前橋地裁判決の新聞評価
News & Letters/557
昨日3月18日の高知新聞の社説で前橋地裁判決について論評があった。
「市民感覚から言っても明快な判決ではないか」と支持した。
そして、結論として「国や東電は今一度、被害者救済の在り方を見直すべきだ。」
過去の事件についての評価でしかも裁判所の判決であれば、手放しで賛同するのも容易であろう。
しかし、今回の前橋地裁の判決は、過去の事故による被害の救済だけが問題になったわけではない。
原発の安全性、危険性を認知しながら対策を打たなかった電力会社や国の在り方を焦点にしている。
それは特に、地震の専門家による政府が出した二度にわたる指針(特に2002年7月の「長期評価」を、同じ政府機関である原子力関係機関が無視した
事実について厳しく責任を問うという判決になっている。訴訟記録を読んでいないが新聞報道などで判断するに、原告の被害者側は、そのことを申し立てたと考えられる。
裁判所側としても、自己の判断ではなく政府推本(地震調査研究推進本部)の知見をもとに原発側の非を論難できたのである。
高知新聞などマスコミ側の問題は、
第1に、
二度にわたる政府の来るべき大地震や大津波についての指針が出たにもかかわらず、原発側がこれを無視し続けてきた事実をなぜ克明に報道しなかったのか
被害を受けた後になって、しかも裁判所判断の後にこれらを明らかにして何の意義があるであろうか。
第2に
、問題は現在だ。政府推本は、昨年6月に来るべき地震の算定方式を国民の安全側に改正(改正レシピといわれる)した。

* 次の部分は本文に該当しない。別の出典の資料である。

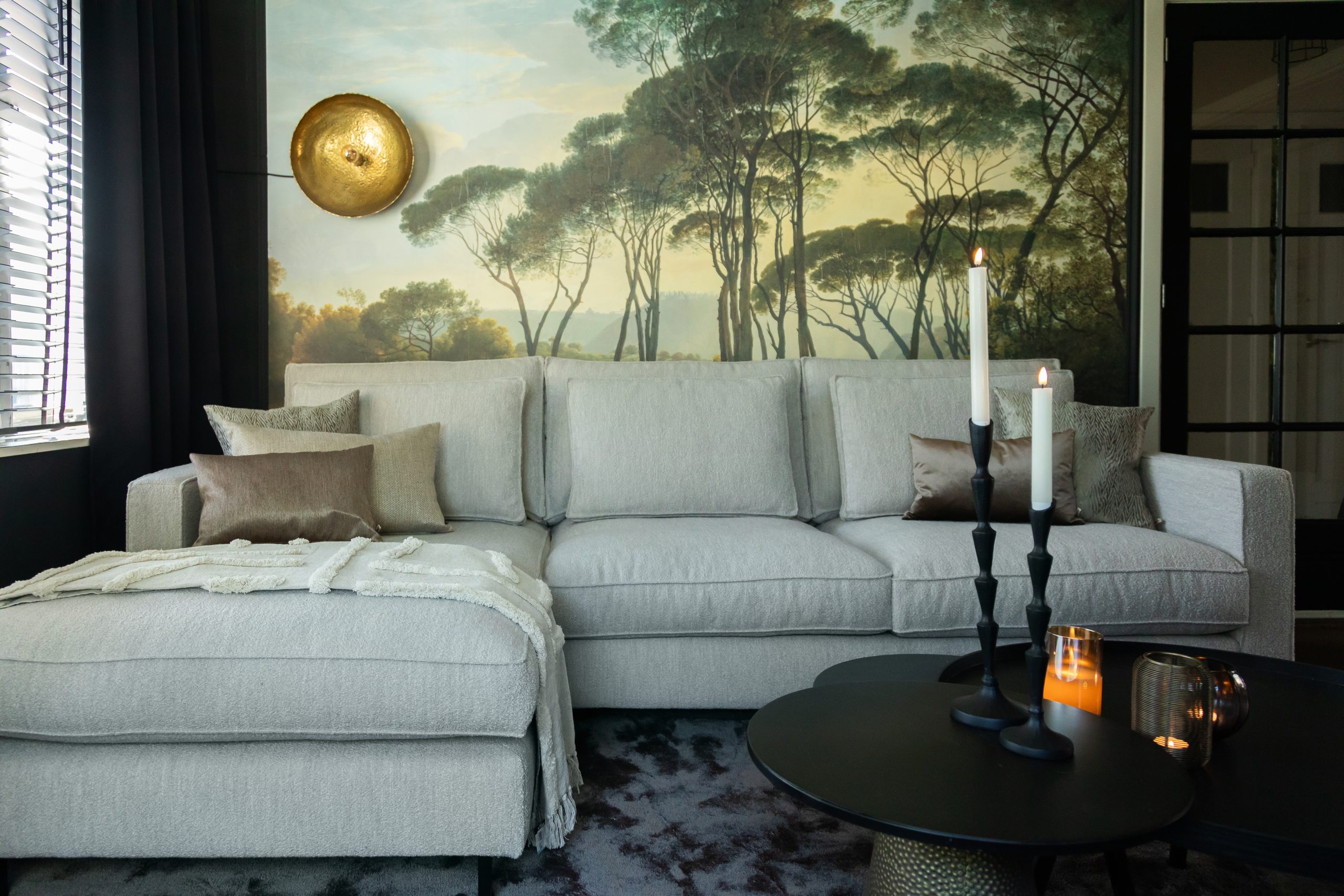 Joyce omschrijft haar interieur niet echt als een specifieke woonstijl. “Ik vind het bij mezelf ook moeilijker om te zeggen”, legt ze uit. “Als ik ergens binnenkom, dan kan ik meteen zeggen: dit is eclectisch of modern. Bij mij is het niet modern of landelijk, maar er zitten wel elementen in van beide woonstijlen. Een echte combinatie dus. Zelf zou ik het ‘light, cosy, lounge en warm’ noemen, een hele mond vol!”. We moeten toegeven, we snappen wat ze bedoelt. De woning heeft meteen al als je binnenkomt een warme en sfeervolle uitstraling. Met de woonkamer als knusse hoek en een prachtige hoekbank die je meteen ziet als eyecatcher.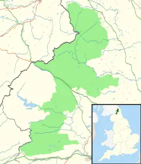 The Northumberland National Park covers a large area of Western Northumberland and borders the English county of Cumbria and the Scottish council area of The Scottish Borders. The national park encompasses much of the Cheviot Hills and adjoins the Southern Uplands of Scotland, which the hills are sometimes considered a part of. Since the Pennine Way runs through the national park, the Cheviot Hills are also considered a part of the northern Pennines although they are separated from the Cheviot Hills by the Tyne Gap, part of which lies within the southern extent of the national park. Part of Kielder Forest lies within the park, and in other areas forms a forest park. Kielder Forest is the largest man-made forest in Europe and surrounds Kielder Water.[1][2]

これによればほとんどの原発の現行の規準地震動を大きく超え、原発の稼働ができない。
玄海原発でもある学者の試算ではその原発の規準地
震動520ガルを大きく超え1000ガル近くの値が出るという回答が私になされた。
この改正レシピは衝撃的であり、脱原発全国弁護団会議の海渡、河合弁護士連名の規制委員会あての要請書も出され、各地(玄海原発以外)の住民訴訟で大きく取り上げられている。
マスコミや学者にとって過去の事件についての批判的評価は容易である。かれらはしかし、現在のついての評価は常に大丈夫という。
常に過去は悪く、現状は良好だという。
福島原発については、前橋地裁判決のように過去はだめだった、という。しかし、現状の原発については過去に対する批判のメスは振るわない。
原発に関して特に基準地震動について政府の正規の地震評価の総本山が出している算式を、原子力委員会や電力会社がこれを拒否、無視している。
この重大な事態、反逆行為について、報道は何も取り上げない。
大事故が起こった後で、またぞろ、実はこうであった、こうではなかったと、いくら論評しても後の祭りだ。
ん
過去の事案について振るったメスを、現在の事案にこそ腕をめくって振るうべきだ。
規制庁や電力会社が政府推本の出している方針に逆らった事実は過去だけでなく現在も進行中なのである。
しかもこれは国民全体の生命に直結する事案なのである。